*** Opening of Materials provided ***

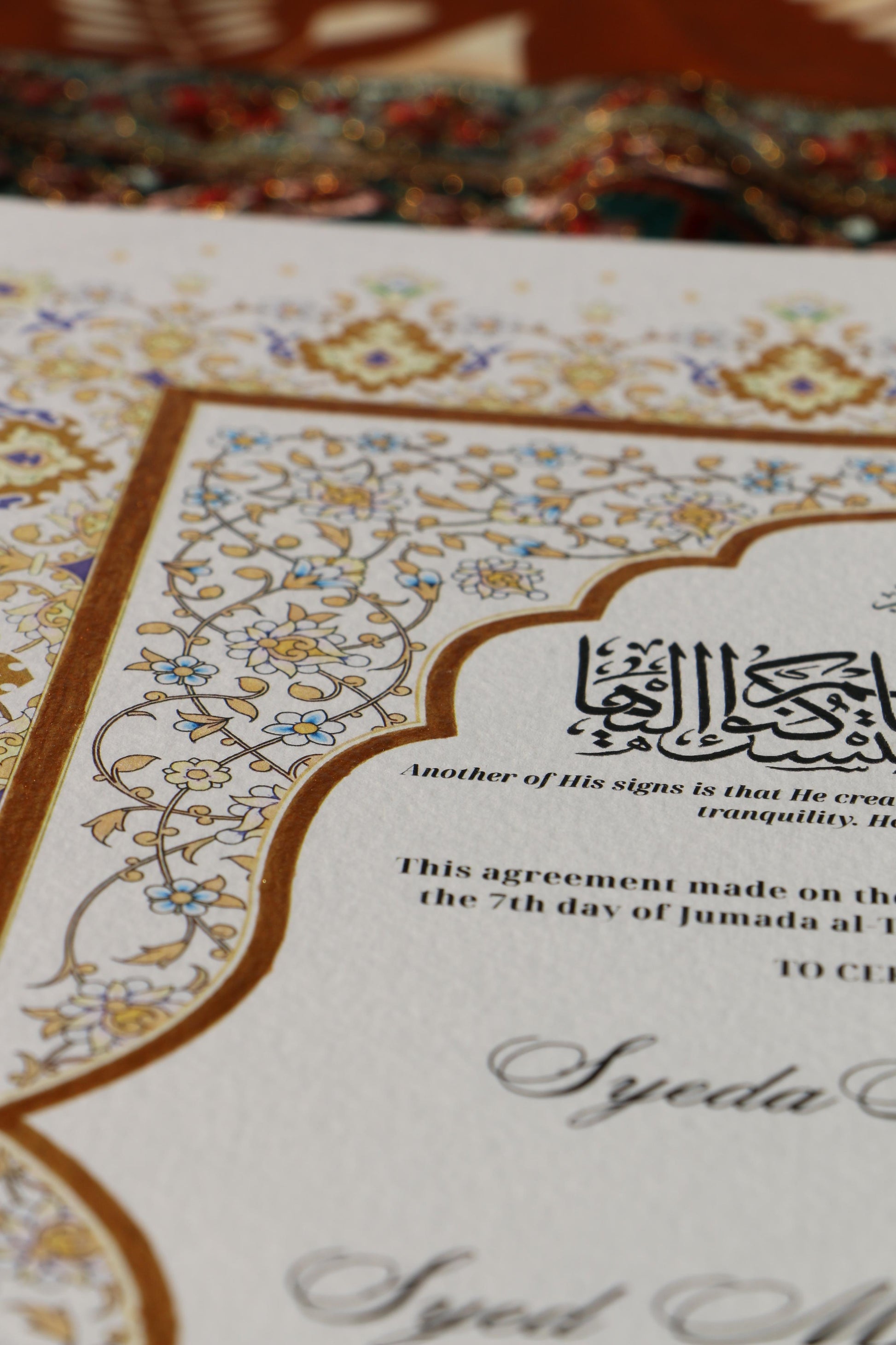 "Mahal-e-Dil" Nikah Namah. This design is a testament to timeless tradition, featuring a magnificent tapestry of intricate Mughal floral patterns that frame the agreement like the walls of a grand palace. The rich palette of gold, cream, and classic jewel tones gives the document a regal and formal character, making it a precious and dignified testament to the building of the Palace of the Heart.
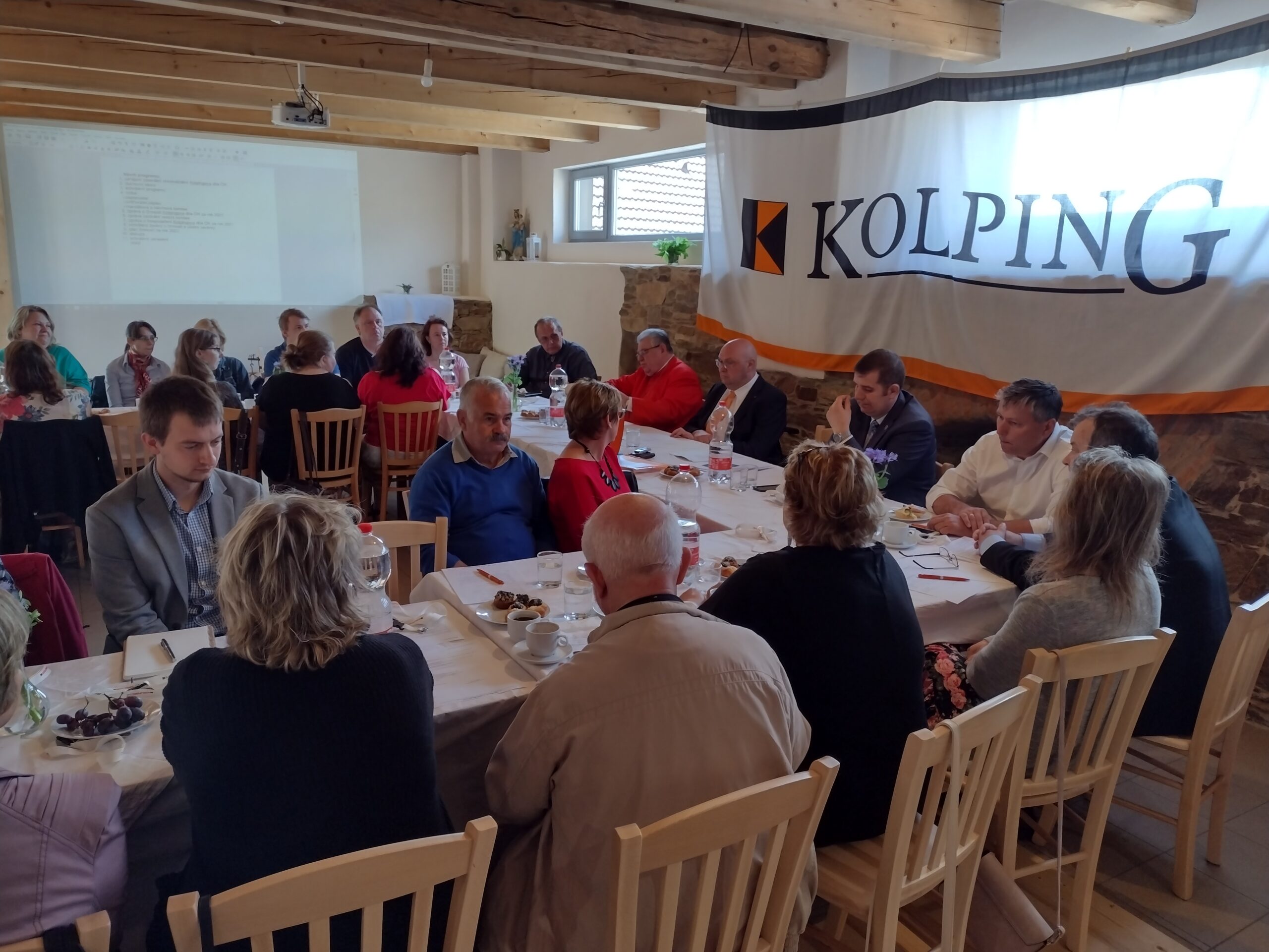 Odpoledne následovala návštěva Poutního kostela na Zelené hoře s výkladem o historii této jedinečné památky UNESCO a od 15 hodin česko – německá mše svatá. Večer byl potom věnován společnému posezení v sále Biskupského gymnázia, kde proběhla krátká prezentace aktivit Kolpingova díla ČR s následnou diskuzí o možnostech budoucí pokračující spolupráce mezi našimi spolky. Večer následně pokračoval neformálním posezením s občerstvením a také živou cimbálovou muzikou.
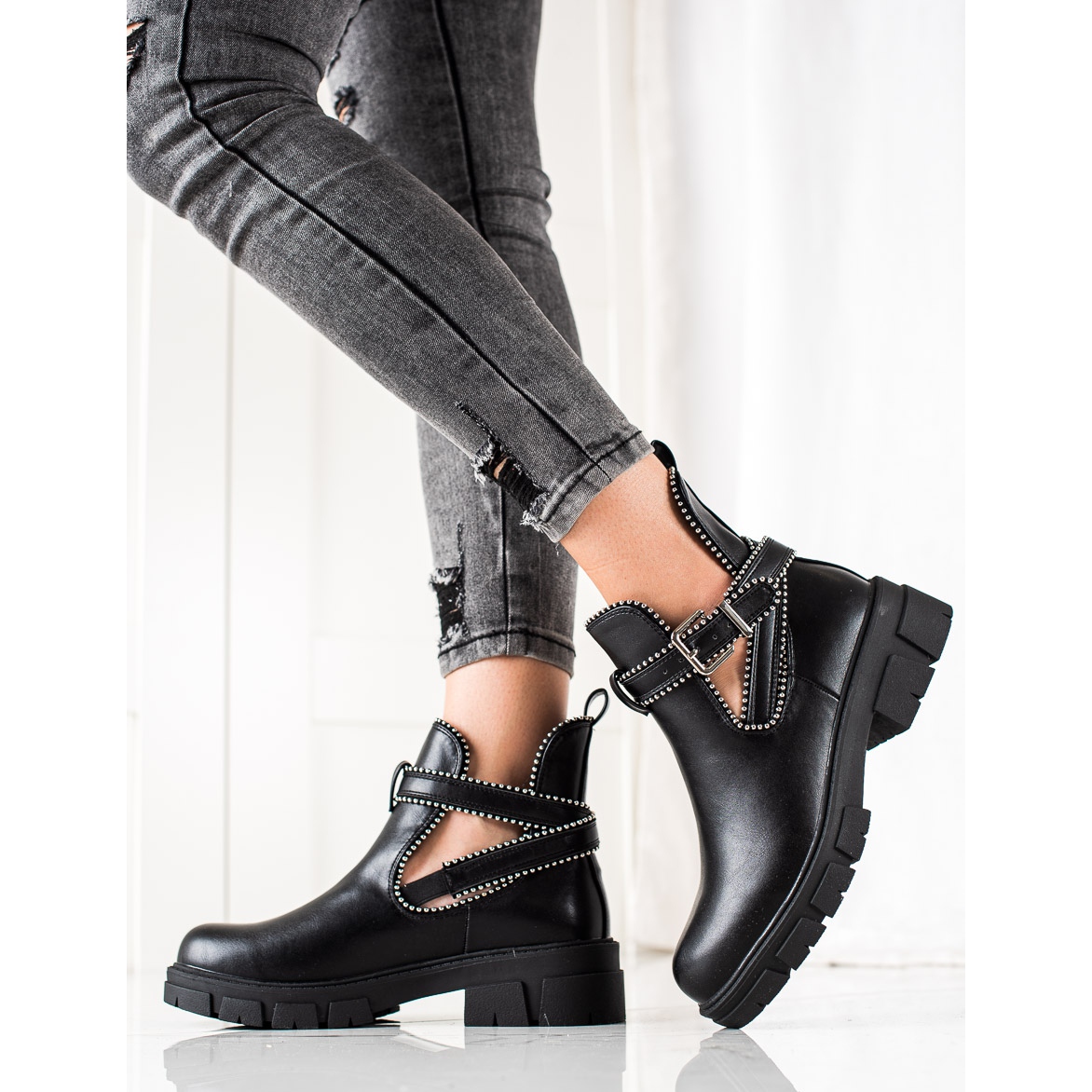 Vă prezentăm muncitori slip-on fashion negri de la producătorul Bestelle, care se potrivesc perfect celor mai noi tendințe de încălțăminte. Aceste botine de damă îmbină stilul casual, rock și fashion, ceea ce le face să se potrivească perfect cu diverse seturi de zi cu zi, atât pentru întâlniri sociale, cât și pentru ieșirile casual.
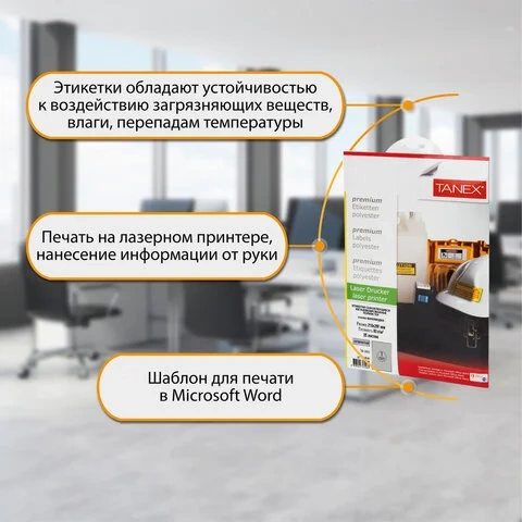 Изготовлены из полиэстра серебристого цвета плотностью 80 г/м2. Этикетки обладают устойчивостью к воздействию загрязняющих веществ, влаги, перепадам температуры. Совместимы с лазерными принтерами. Упаковка содержит 25 листов формата А4, на каждом листе – одна этикетка размером 210х297 мм.
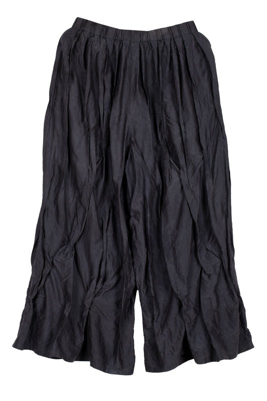 DYED COTTON SILK HEAVY VOILE WAVY TUCKED PANTS - dh1635-blk -
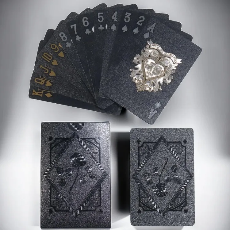 Black Rose Deck Poker Frosted Waterproof Plastic Playing Cards Texas Poker Collection Commemorative Chess Practical Party Gift
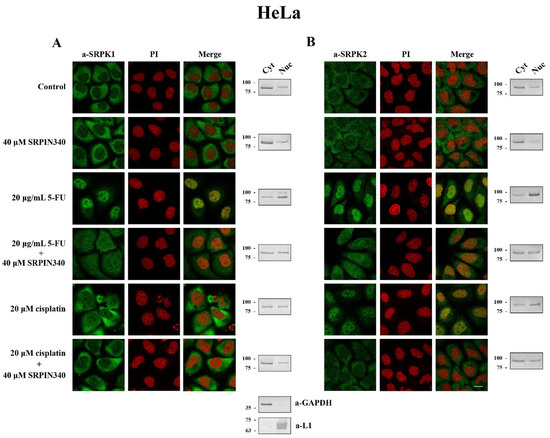 While on its own, SRPIN340 did not affect the predominant cytoplasmic localization of SRPK1, it did significantly prevent the nuclear translocation of the kinase in 5-FU-treated HeLa (Figure 5A, left panel) and T24 cells (Figure 6A, left panel), corroborating previous reports that the kinase activity is critical for the entry of SRPK1 into the nucleus [6,8]. A similar effect of SRPIN340 was also observed in cisplatin-treated cells, even though SRPK1 relocalized to the nucleus to a lesser extent (Figure 5A, left panel; Figure 6A, left panel). Interestingly, we noticed that despite the significantly more pronounced nuclear translocation of SRPK1 in 5-FU-treated cells than in cisplatin-treated cells, co-treatment with SRPIN340 protected the cells from both drugs; furthermore, the observed resistance was somewhat higher in cisplatin-treated cells than in 5-FU-treated cells. Considering that SRPIN340 inactivates both SRPK1 and SRPK2 [36], as well as previous reports in the literature showing that SRPK2 relocalized in the nucleus upon cisplatin treatment [13,22], we next examined the subcellular distribution of SRPK2 following 5-FU or cisplatin treatment. As shown in Figure 5B’s left panel (HeLa cells) and Figure 6B’s left panel (T24 cells), both 5-FU and cisplatin caused an almost complete nuclear translocation of SRPK2, while co-treatment with SRPIN340 hindered the nuclear accumulation of the kinase. Cellular fractionation experiments confirmed the immunofluorescence data (Figure 5 and Figure 6, right panels). Taken together, the above findings indicate that the kinase nuclear translocation and activity were essential to the involvement of SRPKs in the cytotoxicity of 5-FU and cisplatin.
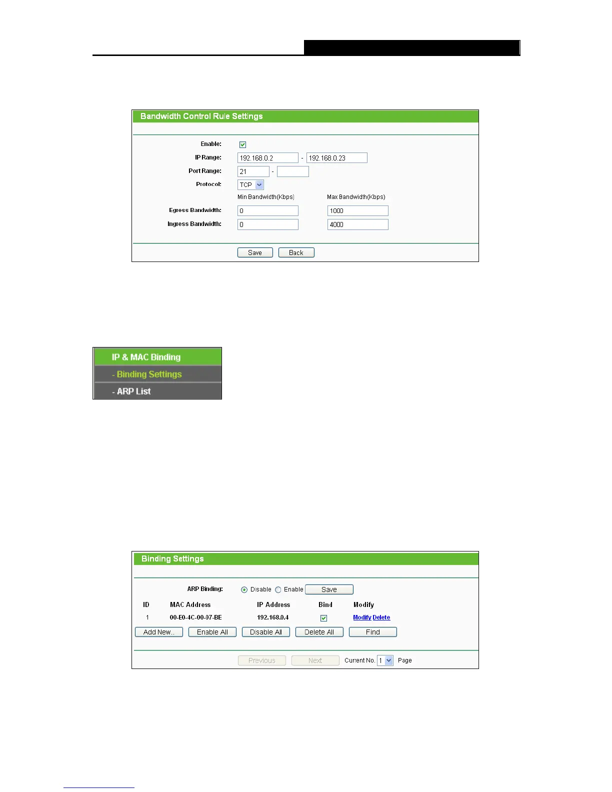 This page displays the IP & MAC Binding Setting table; you can operate it in accord with your

*** Close of Materials provided ***

» **To do**
Above are the records; print them all exactly and keep the pictures out.

» **Result of the exercise**
 "Mahal-e-Dil" Nikah Namah. This design is a testament to timeless tradition, featuring a magnificent tapestry of intricate Mughal floral patterns that frame the agreement like the walls of a grand palace. The rich palette of gold, cream, and classic jewel tones gives the document a regal and formal character, making it a precious and dignified testament to the building of the Palace of the Heart.
 Odpoledne následovala návštěva Poutního kostela na Zelené hoře s výkladem o historii této jedinečné památky UNESCO a od 15 hodin česko – německá mše svatá. Večer byl potom věnován společnému posezení v sále Biskupského gymnázia, kde proběhla krátká prezentace aktivit Kolpingova díla ČR s následnou diskuzí o možnostech budoucí pokračující spolupráce mezi našimi spolky. Večer následně pokračoval neformálním posezením s občerstvením a také živou cimbálovou muzikou.
 Vă prezentăm muncitori slip-on fashion negri de la producătorul Bestelle, care se potrivesc perfect celor mai noi tendințe de încălțăminte. Aceste botine de damă îmbină stilul casual, rock și fashion, ceea ce le face să se potrivească perfect cu diverse seturi de zi cu zi, atât pentru întâlniri sociale, cât și pentru ieșirile casual.
 Изготовлены из полиэстра серебристого цвета плотностью 80 г/м2. Этикетки обладают устойчивостью к воздействию загрязняющих веществ, влаги, перепадам температуры. Совместимы с лазерными принтерами. Упаковка содержит 25 листов формата А4, на каждом листе – одна этикетка размером 210х297 мм.
 DYED COTTON SILK HEAVY VOILE WAVY TUCKED PANTS - dh1635-blk -
 Black Rose Deck Poker Frosted Waterproof Plastic Playing Cards Texas Poker Collection Commemorative Chess Practical Party Gift
 While on its own, SRPIN340 did not affect the predominant cytoplasmic localization of SRPK1, it did significantly prevent the nuclear translocation of the kinase in 5-FU-treated HeLa (Figure 5A, left panel) and T24 cells (Figure 6A, left panel), corroborating previous reports that the kinase activity is critical for the entry of SRPK1 into the nucleus [6,8]. A similar effect of SRPIN340 was also observed in cisplatin-treated cells, even though SRPK1 relocalized to the nucleus to a lesser extent (Figure 5A, left panel; Figure 6A, left panel). Interestingly, we noticed that despite the significantly more pronounced nuclear translocation of SRPK1 in 5-FU-treated cells than in cisplatin-treated cells, co-treatment with SRPIN340 protected the cells from both drugs; furthermore, the observed resistance was somewhat higher in cisplatin-treated cells than in 5-FU-treated cells. Considering that SRPIN340 inactivates both SRPK1 and SRPK2 [36], as well as previous reports in the literature showing that SRPK2 relocalized in the nucleus upon cisplatin treatment [13,22], we next examined the subcellular distribution of SRPK2 following 5-FU or cisplatin treatment. As shown in Figure 5B’s left panel (HeLa cells) and Figure 6B’s left panel (T24 cells), both 5-FU and cisplatin caused an almost complete nuclear translocation of SRPK2, while co-treatment with SRPIN340 hindered the nuclear accumulation of the kinase. Cellular fractionation experiments confirmed the immunofluorescence data (Figure 5 and Figure 6, right panels). Taken together, the above findings indicate that the kinase nuclear translocation and activity were essential to the involvement of SRPKs in the cytotoxicity of 5-FU and cisplatin.
 This page displays the IP & MAC Binding Setting table; you can operate it in accord with your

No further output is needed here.